Quanto maior o livro, menor o tempo para o garoto cumprir suas tarefas. Por isso, entram
noutro espelho e dão com a longa muralha de movimentada cidade de traços medievais onde
não se fala ou escreve. Tentando se comunicar com a população, acabam presos. Na prisão,
encontram todas as palavras da língua; algumas delas (ponto, cabeça, pé e palavra) explicam
que em Loquacidade, capital do reino de Polissêmia, é proibido às palavras ter mais de um
significado e, como isso é impossível, todas estão presas e a população, proibida de falar. Só
então Ariel (< heb. ari ‘leão’ + el ‘Deus’, donde ‘leão de Deus’) percebe que o destinatário do
pote de doce é rei Logomáquio XIX, para cuja presença menino e livro são levados.
Até então abatido, o rei reage, dizendo que há séculos Ariel era esperado para cumprir
uma profecia, tecida num tapete exposto numa sala do palácio, segundo a qual ele destruiria a
besta fera que aterrorizava a cidade. Com sua capacidade reflexiva, pensativa e inteligência e
com a ajuda de um mapa, o jovem deveria destruir as megeras escolásticas. Retirado da
parede o tapete, o garoto e o livro partem voando nele. Ezequiel (< heb. Yehezquel < yehezqu
‘fortalecer’ + el ‘Deus’, donde ‘Deus o fortalecerá’) está com medo do voo, mas Tomenota o
tranquiliza, contando uma história de um ladrão de sonhos muito ambicioso.
Quando Manuel (< heb. emmanu ‘com + 3ª pessoa’ + el ‘Deus’, donde ‘Deus consigo’)
percebe, estão sobre a Floresta da Anonímia, onde o tapete pousa e um javali-macaco de voz
horripilante aparece e os aprisiona numa cela onde encontram uma caveira humana (restos do
conde Trívio Quadrívio), que lhes fala sobre os enigmas trazidos pelo carcereiro. Em seguida, o
menino recebe seu primeiro enigma: um quadro a ser preenchido com números, de forma que
a soma em todas as direções seja a mesma. Manuel preenche o quadro e o monstro leva a
solução para as mais temidas megeras escolásticas, um dragão de duas cabeças, as irmãs
Grã-Má e Matê-Má Tica, responsáveis pelos infortúnios do reino.

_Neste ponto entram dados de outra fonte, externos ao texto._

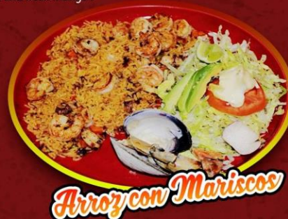
Arroz con Mariscos

Fresh shrimp marinated in lime juice and served with a spicy habanero sauce and fresh mango.

Uma hora depois, o monstro retorna com outro enigma para Natanael (< heb. Nathanael
< natana ‘dar + passado’ + el ‘Deus’, donde ‘Deus tem dado’), desta vez um palíndromo,
igualmente solucionado, o que significa a derrota das megeras e a quebra de suas maldições.
Com isso, Trívio Quadrívio se torna novamente homem e o javali-macaco, sua amada
Verbigrácia, que podem retornar para a cidade.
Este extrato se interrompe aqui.